И Мортье Наполеона не подвел. Мощные взрывы прогремели не только на территории Кремля, но и за его пределами. Земля дрожала по всей Москве. Были взорваны винный двор, здание Арсенала, часть кремлевской стены, частично Никольская башня… Сгорел Симонов монастырь… Пострадали кремлевские палаты, в частности – Грановитая…
После ухода завоевателей Москва представляла собой сплошные развалины. Сгорели Гостиный ряд, Пречистенка, Старая Басманная, Немецкая слобода, Университет на Моховой (вместе с уникальной библиотекой)… Тысячи жителей города остались без крова.
Французский адъютант Кастеллан: «Разрушили часть Кремлевского собора и свалили крест с колокольни Ивана Великого; при падении он сломался. Забрали и расплавили серебряную утварь Кремлевских церквей, пополнив этим кассу армии…»

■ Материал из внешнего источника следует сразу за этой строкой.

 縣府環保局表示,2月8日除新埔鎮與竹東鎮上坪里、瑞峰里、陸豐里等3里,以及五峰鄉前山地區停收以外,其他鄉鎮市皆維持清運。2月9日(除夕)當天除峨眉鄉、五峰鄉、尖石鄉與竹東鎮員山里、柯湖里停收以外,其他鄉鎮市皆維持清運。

Поутру, когда последний французский разъезд скрылся за горизонтом, местные жители, взглянув в сторону Кремля, стали торопливо осенять себя крестами: над городскими развалинами величественно возвышалась колокольня Ивана Великого! Произошло настоящее чудо: подмокшие от дождя фитили сделали заложенные под колокольню мины бесполезными…

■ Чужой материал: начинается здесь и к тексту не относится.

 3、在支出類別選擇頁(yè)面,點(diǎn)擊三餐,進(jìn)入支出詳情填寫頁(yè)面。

Ярость Наполеона просочится позже, в письме жене от 10 (22) октября:
«Я покинул Москву, приказав взорвать Кремль. Мне нужно было 20 тысяч человек, чтобы сохранить этот город. Будучи разрушенным, он только стеснял мои операции…»
Император склонился над письмом и мысленно раз за разом повторял уже надоевшую фразу: «мои операции»… «мои операции»… Какие могли быть «операции», если главнейшая из них – взятие Москвы – оказалась, в общем-то, бессмысленной. Зачем вообще стоило брать этот город, если русские взяли и сами… сожгли его?
Хороший стратег, Наполеон понимал: отступление от бегства отличает лишь шаг. Их разделяет степень мужества и уровень хладнокровия отступающих. Беда в том, что эта степень определяется в сражении. Хватит ли сил на это сражение, отныне зависело не только от французов. Русские были у себя дома, и теперь инициатива перешла в руки Кутузова.
Мирный договор с неприятелем пришелся бы сейчас как нельзя кстати. Нет, мир с русскими не спас бы Великую армию от поражения, зато ее Императору… сохранил бы лицо. Этого сейчас хотелось больше всего.
– Э-э, Balasho-o-ov! Monsieur Balasho-o-ov!!!